-- Exercise data follows --

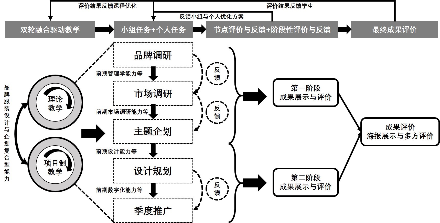 本课程以“理论教学+项目制教学”双轮融合推进的教学方式,对五大教学内容进行逐层推进式教学,该五大教学内容分别是“品牌调研”、“市场调研”、“主题企划”、“设计规划”与“季度推广”。通过上述五部分的教学,以达成五方面的目标:1)了解服装品牌产品开发的相关概念及运作,能够针对品牌服装设计与企划做品牌调研;2)培养学生服装品牌产品企划的能力,能够运用所学课程专业知识及方法进行主题企划与产品架构企划;3)培养学生服装品牌成衣的设计能力,能够基于品牌定位,从市场角度出发,进行成衣的设计,熟练掌握服装成衣系列效果图与款式图的电脑表现方法;4)培养学生服装品牌产品推广的能力,能够根据产品上市波段制定季度总体方案以及促销活动方案;5)培养学生服装品牌产品企划方案的制作和演示的能力。
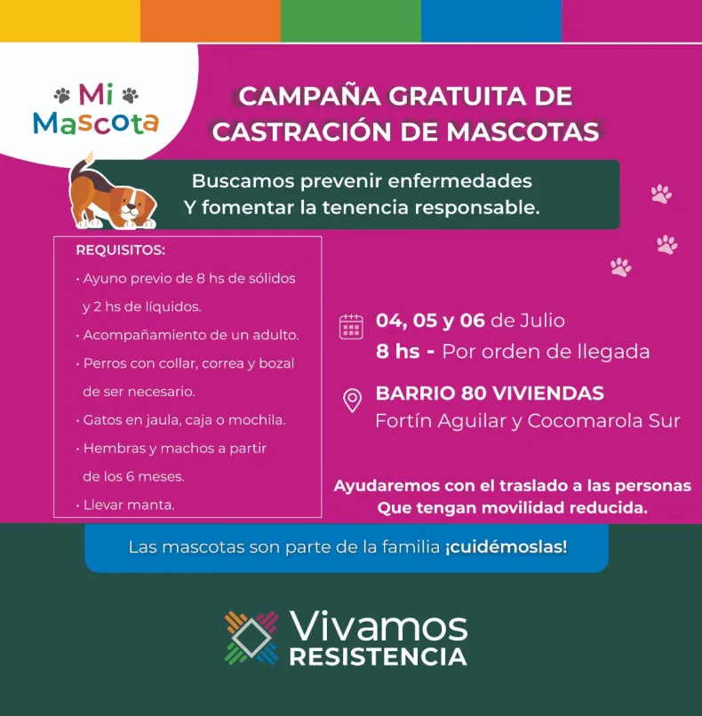 Este martes 5 y miércoles 6 de julio continuará en el barrio 80 Viviendas el programa de castración gratuita de mascotas que el municipio de Resistencia lleva adelante en toda la ciudad mediante la disponibilidad del quirófano móvil que comienza a atender a partir de las 8, por orden de llegada.
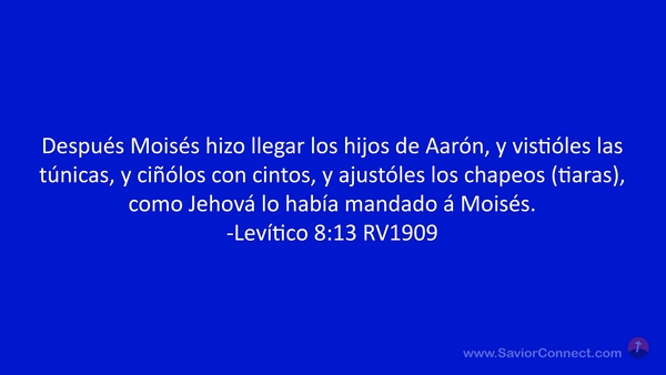 Después Moisés hizo llegar los hijos de Aarón, y vistióles las túnicas, y ciñólos con cintos, y ajustóles los chapeos (tiaras), como Jehová lo había mandado á Moisés. -Levítico 8:13 RV1909
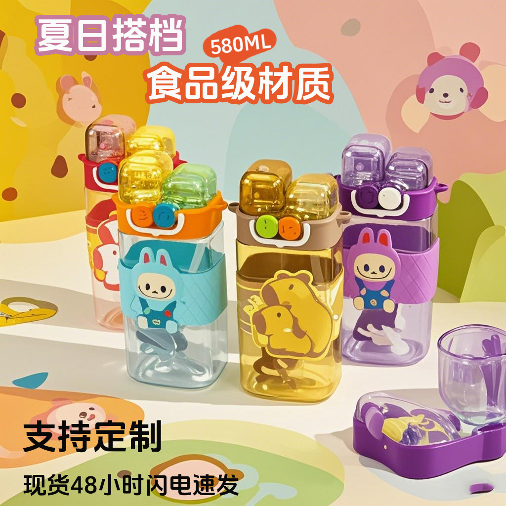 国境を越えたホットシリコン漫画スクエアカップ夏のインターネット有名人カピバラ学生ポータブル子供の漫画ダブルドリンクカップ
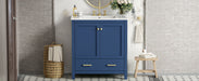 Bathroom Vanity With Single Sink, Combo Cabinet Undermount Sink, Bathroom Storage Cabinet With 2 Doors And A Drawer, Soft Closing, Multifunctional Storage, Solid Wood Frame - Blue
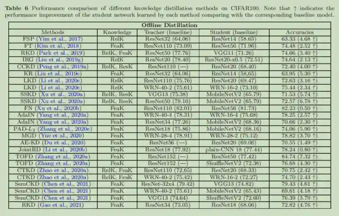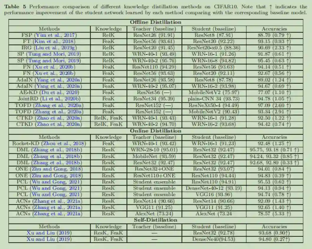 比较了知识蒸馏方法在 CIFAR-10,CIFAR-100 上的准确率提升:
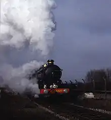 GWR 4073 Class 5029 Nunney Castle is a Great Western Railway Castle Class steam locomotive. It was built at the GWR's Swindon Works in 1934, being outshopped on 28 May and taking the name of Nunney Castle near Frome, Somerset. The locomotive was used in many publicity and "life on the railway" type of photographs. During the first day of the evacuation of civilians during World War II, the locomotive hauled trains carrying children being taken from London to the safety of the countryside. Nunney Castle was also used to haul the Royal Train in October 1957 from London Paddington station to Gloucester.
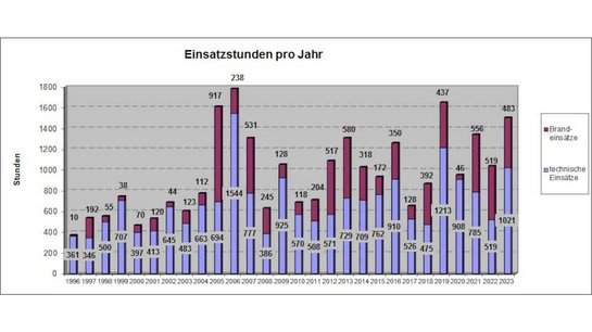 | Jahr | Anzahl Technische Einsätze | Stunden Technische Einsätze | Anzahl Brandeinsätze | Stunden Brandeinsätze | Gesamteinsätze | Gesamtstunden |
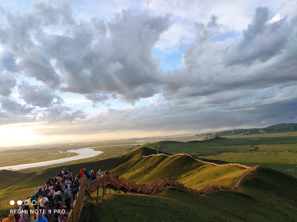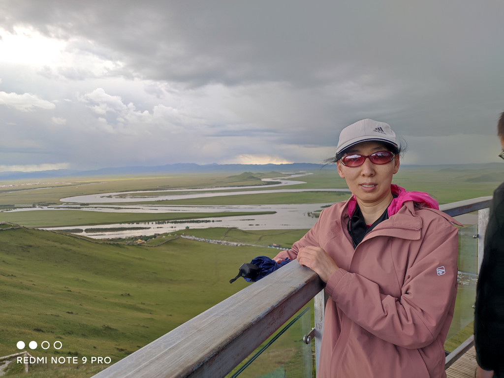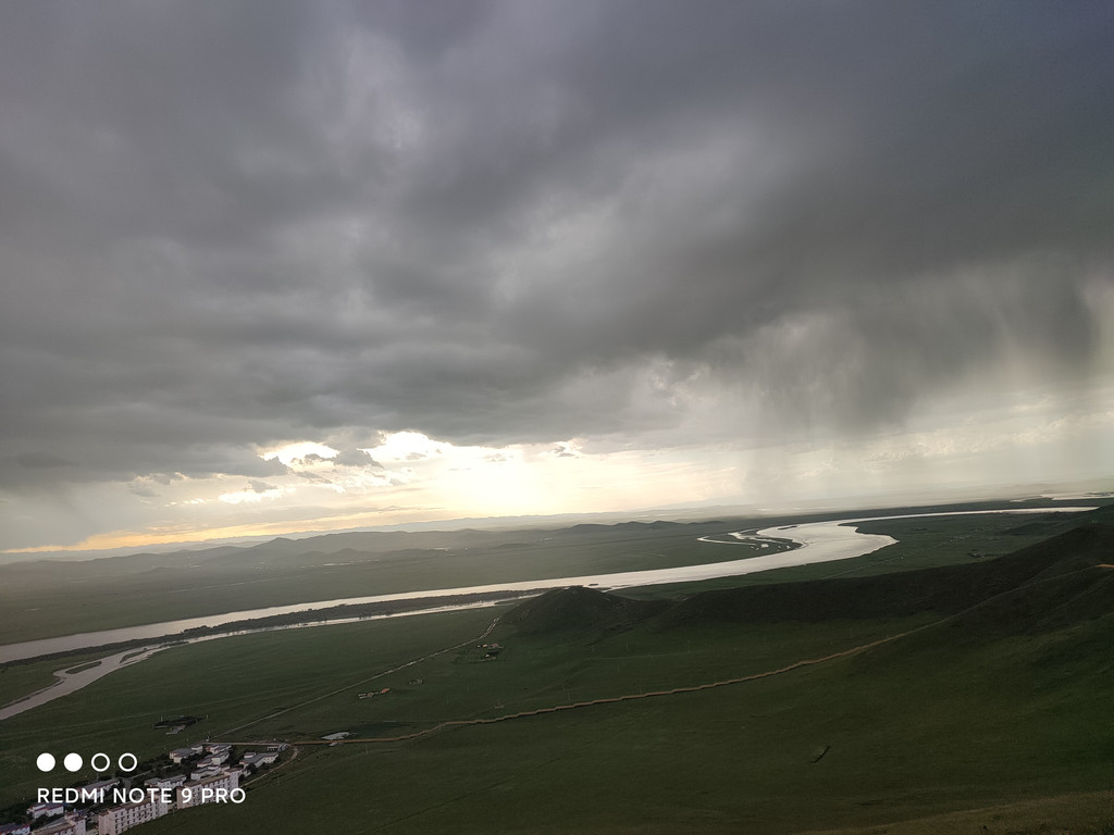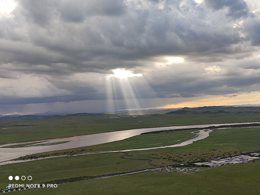 去九曲黄河第一湾主要看天气,如果是白云朵朵,或雨后初晴,那景观就比较好看。我们这次运气是非常好的。一开始是天气晴朗,到黄河边湿地公园近距离看了一会黄河和白河交汇的景致,然后就去沿栈道上观景台。刚准备往上走,突然下起了大雨,只能暂时躲避,过了半个小时,雨停了,太阳又出来了,霞光普照大地,云朵一片金黄,过一会又下雨了,远处可以看到云朵下像瀑布一样的云,非常奇特。等天快黑了,云彩逐渐发红,霞光景观出现了,非常漂亮。一次非常难得的经历。
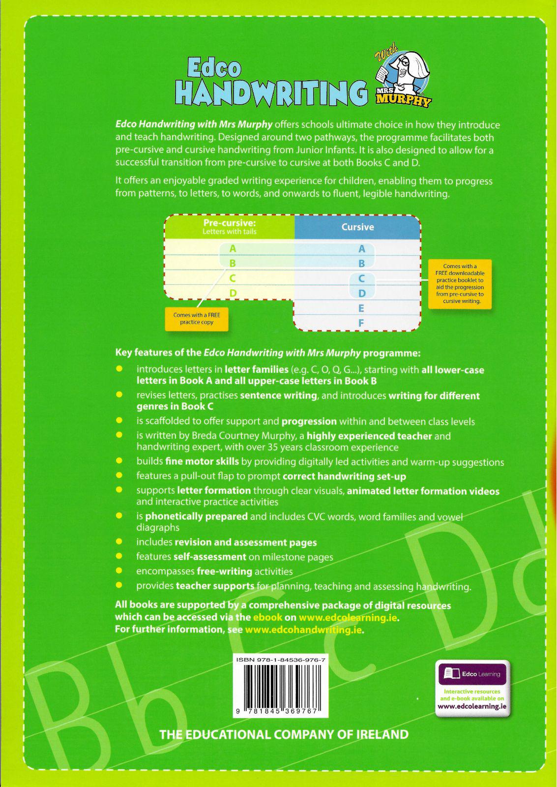Written by Breda Courtney Murphy, creator of the highly popular Mrs Murphy’s Copies, Edco Handwriting with Mrs Murphy offers an enjoyable graded writing experience for children, enabling them to progress from patterns to letters, to words, and onwards to fluent, legible handwriting.
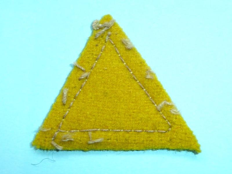 A scarce white leather triangle sewn to a yellow felt backing as worn by Armoured units attached to the Division. Rare. Comm PaLi
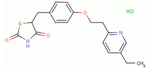 Another Name : [5-[[4-[2-(5-Ethyl-2-pyridinyl)ethoxy]phenyl]methyl]-2,4-]thiazolidinedione hydrochloride Perform Standard: CP2010 CAS_NO.:112529-15-4 Mol Structure: Mol Fm:C19H20N2O3S·HCl Mol Wt : 392.90 Chal:White crystalline powder Application:A new generation of type 2 diabetes treatment drug
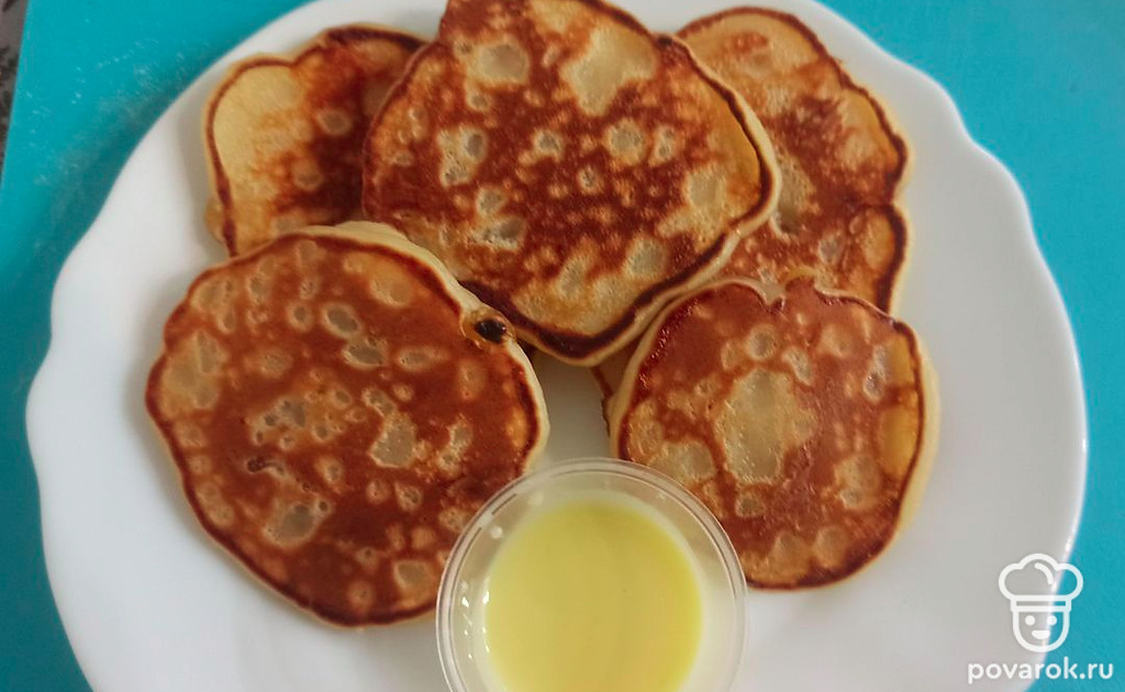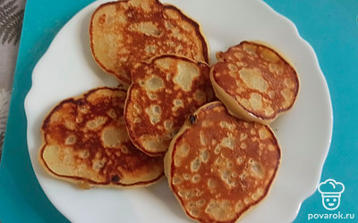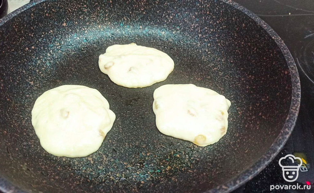 Ложкой выложите тесто на сковороду. Выпекайте оладьи на растительном масле по 2 минуты с каждой стороны.
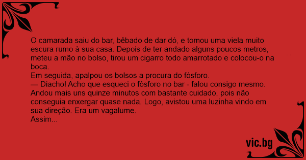 O camarada saiu do bar, bêbado de dar dó, e tomou uma viela muito escura rumo à sua casa. Depois de ter andado alguns poucos metros, meteu a mão no bolso, tirou um cigarro todo amarrotado e colocou-o na boca.
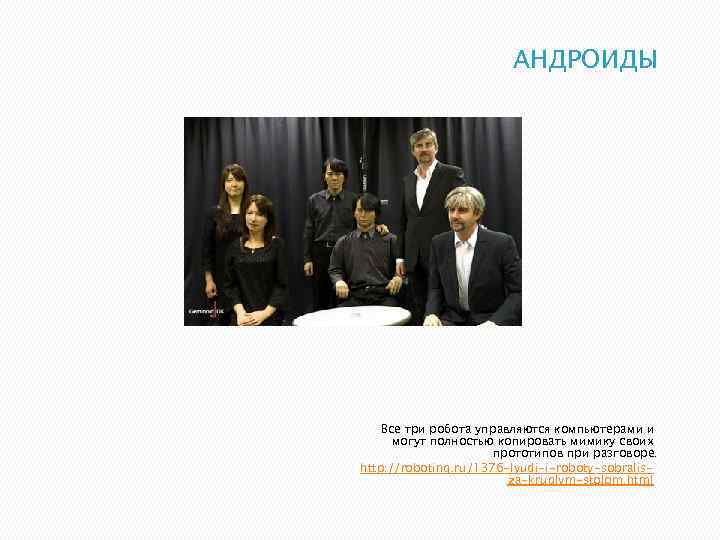 АНДРОИДЫ Все три робота управляются компьютерами и могут полностью копировать мимику своих прототипов при разговоре. http: //roboting. ru/1376 -lyudi-i-roboty-sobralisza-kruglym-stolom. html
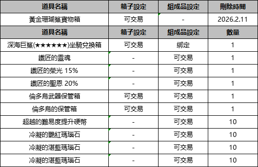 【活動日期】:2026年1月21日 維護後 ~ 2026年2月4日 維護前

-- Exercise data concluded --

• _Description of the task_: Begin at the line containing "АНДРОИДЫ Все три" and stop at the final line of the data. Retype those lines exactly, without the pictures.

• _Exercise solution_:
 АНДРОИДЫ Все три робота управляются компьютерами и могут полностью копировать мимику своих прототипов при разговоре. http: //roboting. ru/1376 -lyudi-i-roboty-sobralisza-kruglym-stolom. html
 【活動日期】:2026年1月21日 維護後 ~ 2026年2月4日 維護前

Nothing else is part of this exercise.